USAID is acknowledged for its support in the development of these guidelines through a sub-agreement under Cooperative Agreement (CA) No. AID-OAA-A-10–00020 for the TB CARE I project awarded to KNCV by the USAID Office of Health. The US Center for Disease Control and Prevention (CDC) provided work pro bono on the use of sputum culture conversion as a surrogate marker of MDR-TB treatment outcome (carried out by Ekaterina Kurbatova and colleagues).
Declarations of interest
All Expert Group members, consultants, technical resource persons, members of the External Review Panel and STAG-TB members submitted completed Declaration of Interest (DoI) forms. These were reviewed by the WHO Legal Department prior to the Expert Group meeting and preparation of the draft interim policy guidance, in keeping with WHO rules.

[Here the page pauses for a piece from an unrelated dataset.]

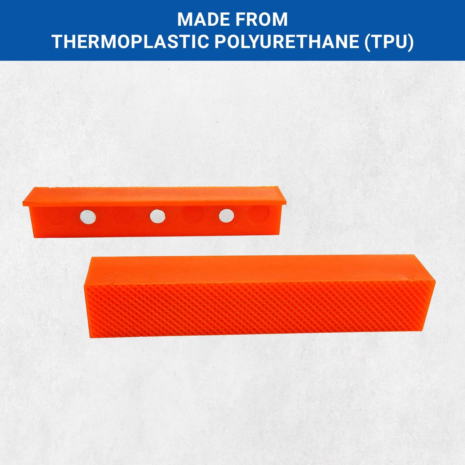 VISE JAW COVER: Yost Vises MU360 Universal 6 Inch Jaw Cover is made from thermoplastic polyurethane (TPU) and can be used on any metal vise for holding wood, metal, plastic, tubing, threaded items safely protecting any product flat or round.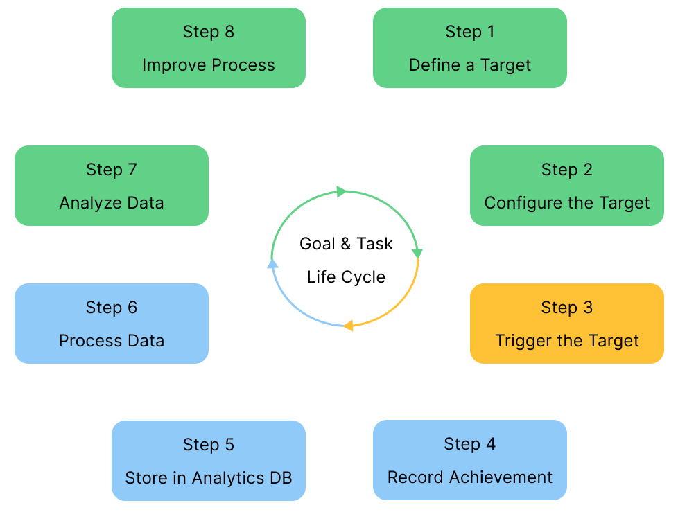 - The system records the goal or task completion and stores it in the Analytics database.

Two Expert Group members (Daniela Cirillo, Erica Lessem) declared having received support from pharmaceutical companies for work not related to the present guideline; and Dalene van Delft declared receiving compassionate use access to bedaquiline – all of these declarations were deemed to be insignificant. Three members (Frank Cobelens, Michael L. Rich, Francis Varaine) declared current discussions with the company (Otsuka) on potential access to delamanid for future studies on roll-out of new drugs under programmatic conditions (FC, MR) or for future clinical trial of new regimens for MDR-TB Treatment (FV). These declarations were deemed to be significant for a possible conflict of interest, and experts were requested not to contribute to deliberations on the recommendations. The other members of the Expert Group as well as the consultants and the members of the Expert Review Panel declared no interest.
With respect to the STAG-TB review, Chuck Daley declared serving as chair of the data monitoring board for Otsuka delamanid trials, and Francis Varaine declared participation in discussions between MSF and Otsuka to receive supplies of Delamanid for use in clinical trials along with other drugs. These two declarations were deemed significant for a possible conflict of interest and these STAG members did not participate in external review. Frank Cobelens, as a member of STAG-TB, had a revised declaration of interest noting no current or future planned work with Otsuka; he participated in the external review.